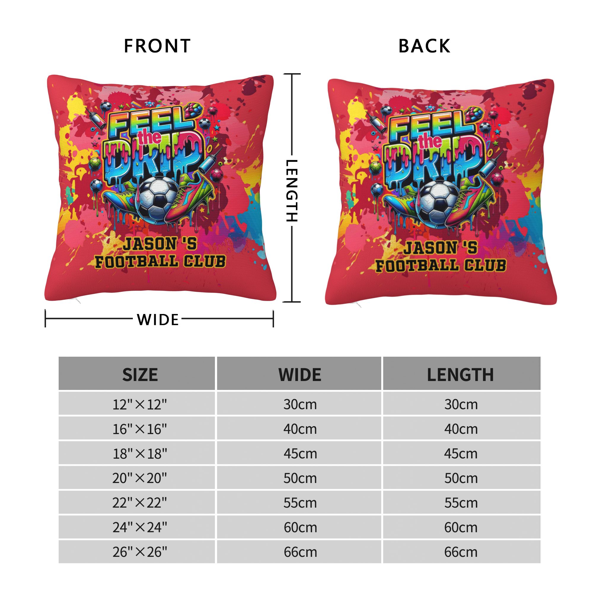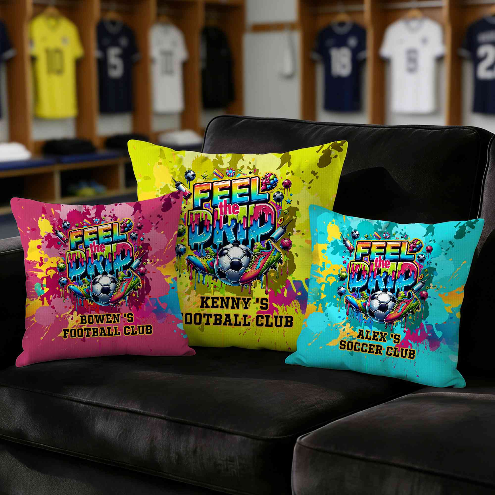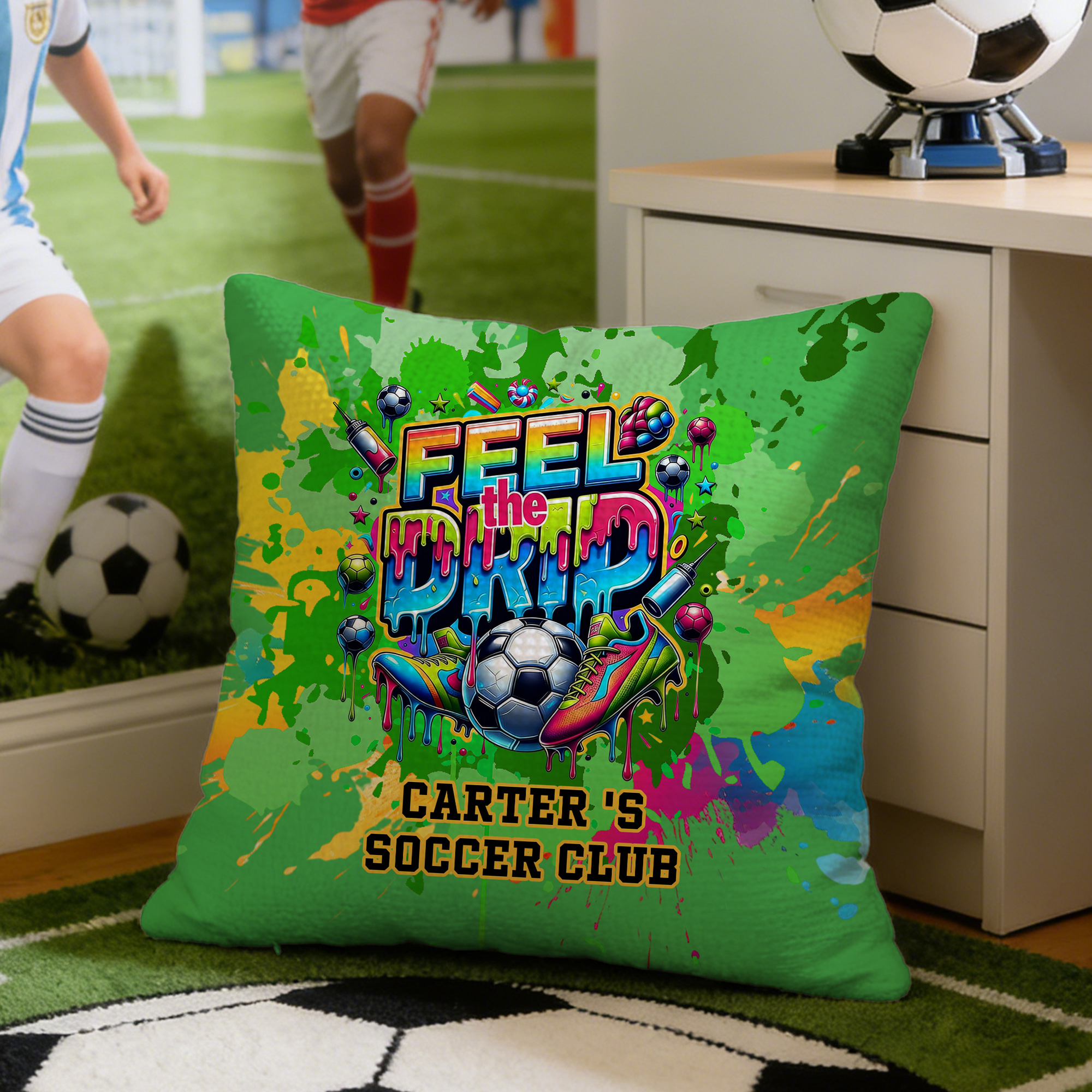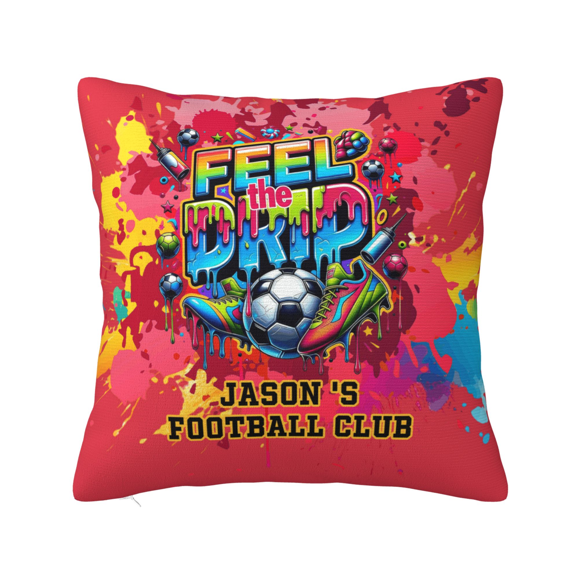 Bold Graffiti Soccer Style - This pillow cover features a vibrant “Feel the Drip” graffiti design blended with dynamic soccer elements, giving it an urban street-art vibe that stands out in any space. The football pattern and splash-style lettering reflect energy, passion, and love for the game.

---

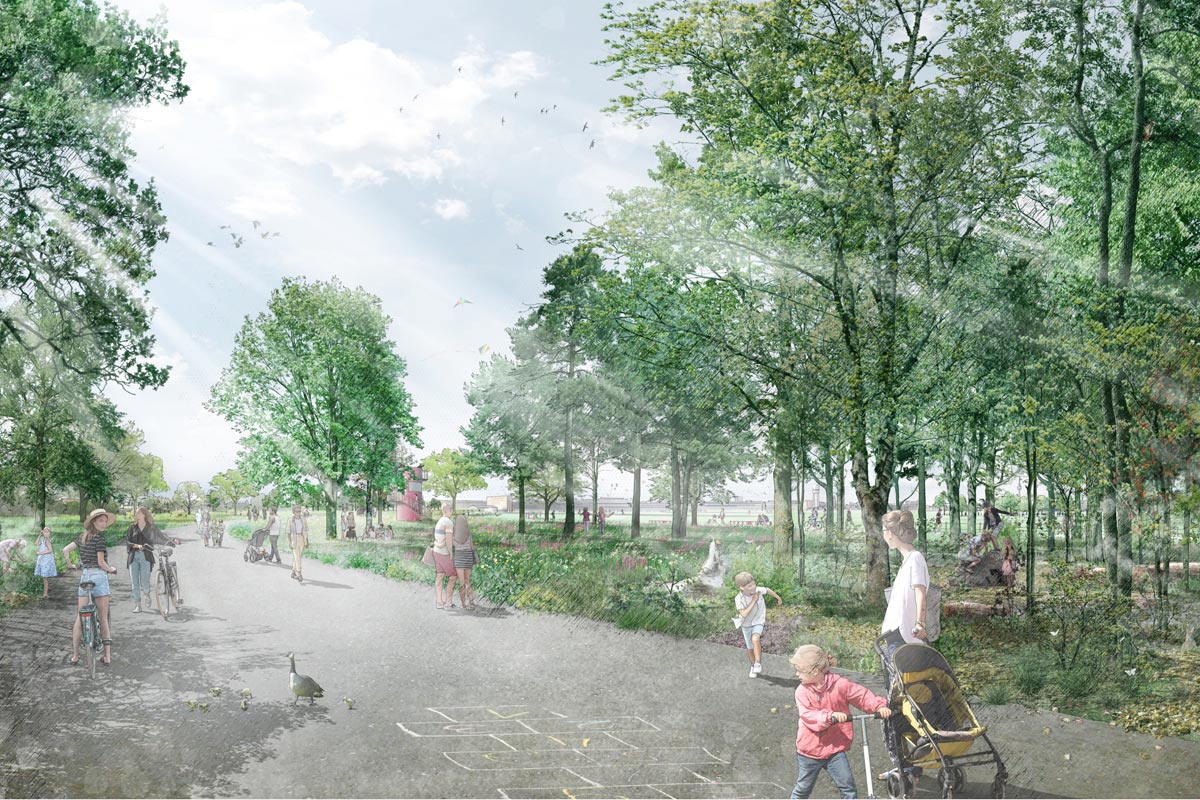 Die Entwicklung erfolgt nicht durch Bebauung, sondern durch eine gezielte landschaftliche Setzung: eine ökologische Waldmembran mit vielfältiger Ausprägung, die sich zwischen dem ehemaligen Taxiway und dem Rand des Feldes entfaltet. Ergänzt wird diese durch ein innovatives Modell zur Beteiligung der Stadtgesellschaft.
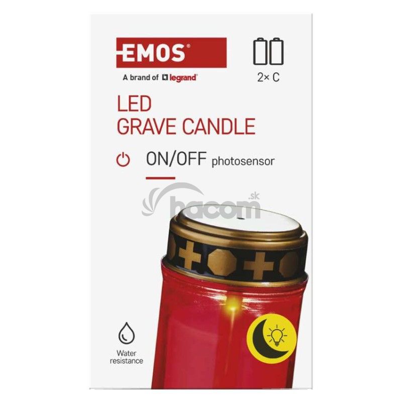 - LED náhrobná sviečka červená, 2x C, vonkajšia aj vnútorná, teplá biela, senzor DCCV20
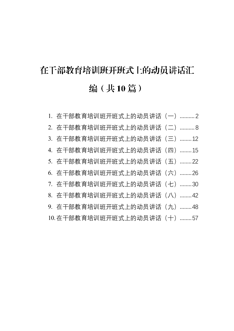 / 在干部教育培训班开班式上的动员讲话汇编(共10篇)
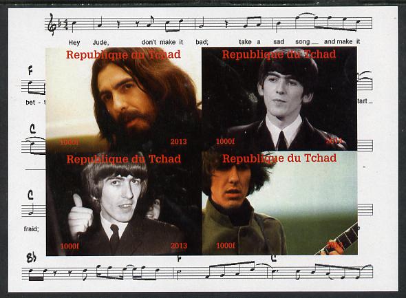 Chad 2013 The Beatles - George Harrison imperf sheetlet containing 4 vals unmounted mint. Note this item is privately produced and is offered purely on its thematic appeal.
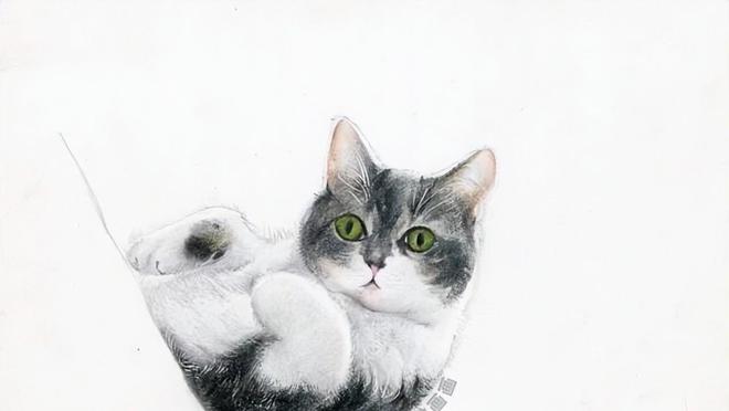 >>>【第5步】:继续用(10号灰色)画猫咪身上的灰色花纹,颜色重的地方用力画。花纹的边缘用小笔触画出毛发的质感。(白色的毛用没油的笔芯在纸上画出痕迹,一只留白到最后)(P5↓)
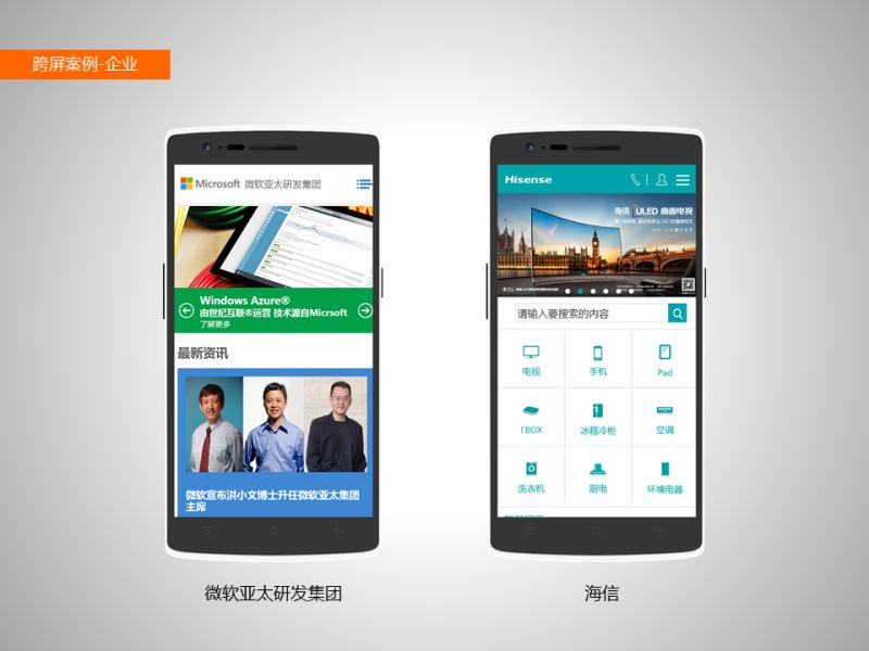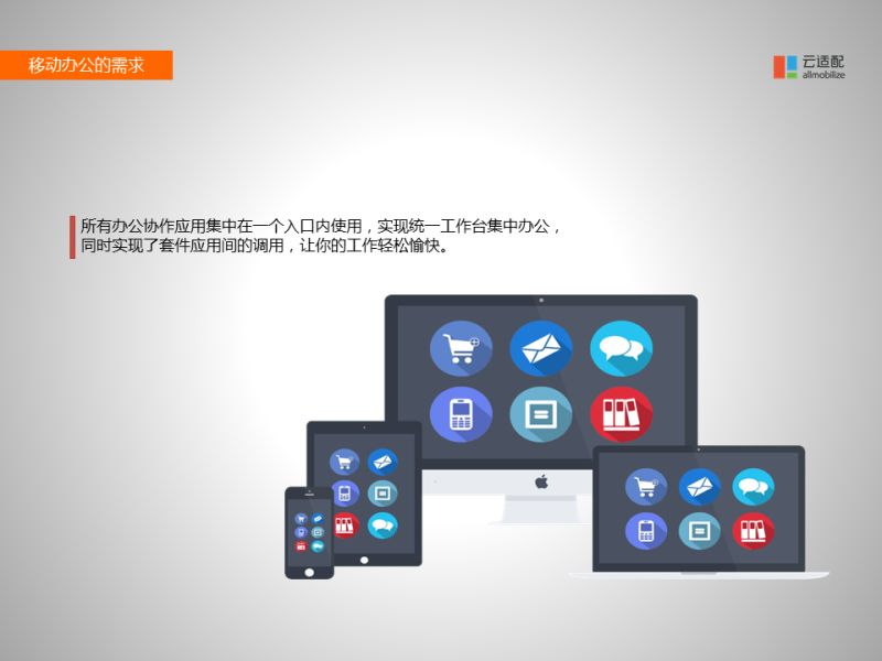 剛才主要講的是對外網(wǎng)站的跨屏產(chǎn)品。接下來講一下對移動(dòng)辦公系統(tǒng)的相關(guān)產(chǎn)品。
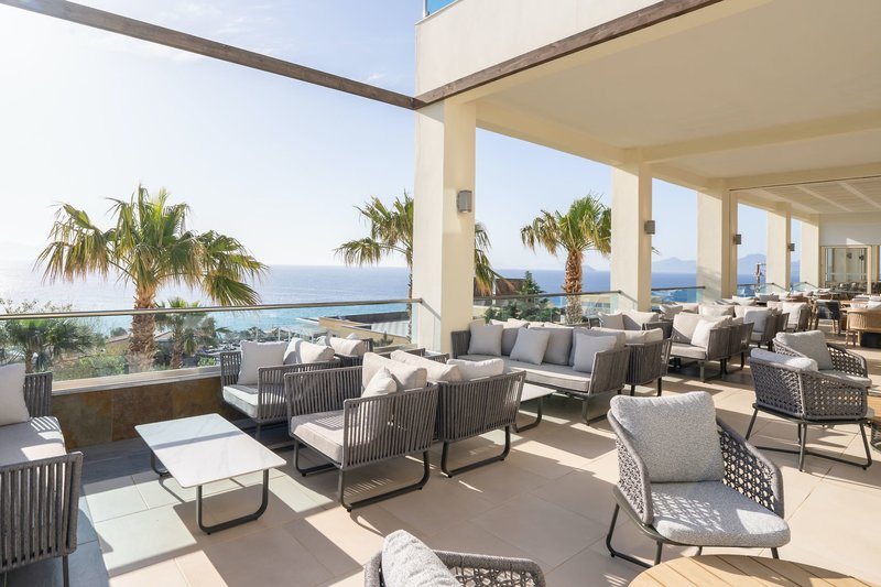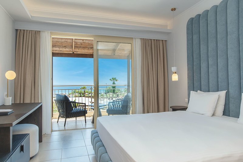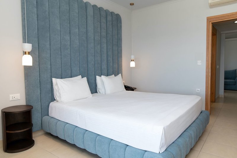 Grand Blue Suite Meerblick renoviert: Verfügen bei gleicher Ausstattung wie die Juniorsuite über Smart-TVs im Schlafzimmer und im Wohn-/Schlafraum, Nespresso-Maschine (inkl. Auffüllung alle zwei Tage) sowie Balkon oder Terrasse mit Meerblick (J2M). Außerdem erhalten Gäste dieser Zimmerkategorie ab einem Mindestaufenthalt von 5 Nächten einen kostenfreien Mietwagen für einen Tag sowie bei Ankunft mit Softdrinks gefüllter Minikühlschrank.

• ACTIVITY:
Please return the material above only from the line that holds "- LED náhrobná" through the line that holds "Grand Blue Suite", exactly as it stands, ends included and pictures omitted.

• PROBLEM SOLUTION:
 - LED náhrobná sviečka červená, 2x C, vonkajšia aj vnútorná, teplá biela, senzor DCCV20
 / 在干部教育培训班开班式上的动员讲话汇编(共10篇)
 Chad 2013 The Beatles - George Harrison imperf sheetlet containing 4 vals unmounted mint. Note this item is privately produced and is offered purely on its thematic appeal.
 >>>【第5步】:继续用(10号灰色)画猫咪身上的灰色花纹,颜色重的地方用力画。花纹的边缘用小笔触画出毛发的质感。(白色的毛用没油的笔芯在纸上画出痕迹,一只留白到最后)(P5↓)
 剛才主要講的是對外網(wǎng)站的跨屏產(chǎn)品。接下來講一下對移動(dòng)辦公系統(tǒng)的相關(guān)產(chǎn)品。
 Grand Blue Suite Meerblick renoviert: Verfügen bei gleicher Ausstattung wie die Juniorsuite über Smart-TVs im Schlafzimmer und im Wohn-/Schlafraum, Nespresso-Maschine (inkl. Auffüllung alle zwei Tage) sowie Balkon oder Terrasse mit Meerblick (J2M). Außerdem erhalten Gäste dieser Zimmerkategorie ab einem Mindestaufenthalt von 5 Nächten einen kostenfreien Mietwagen für einen Tag sowie bei Ankunft mit Softdrinks gefüllter Minikühlschrank.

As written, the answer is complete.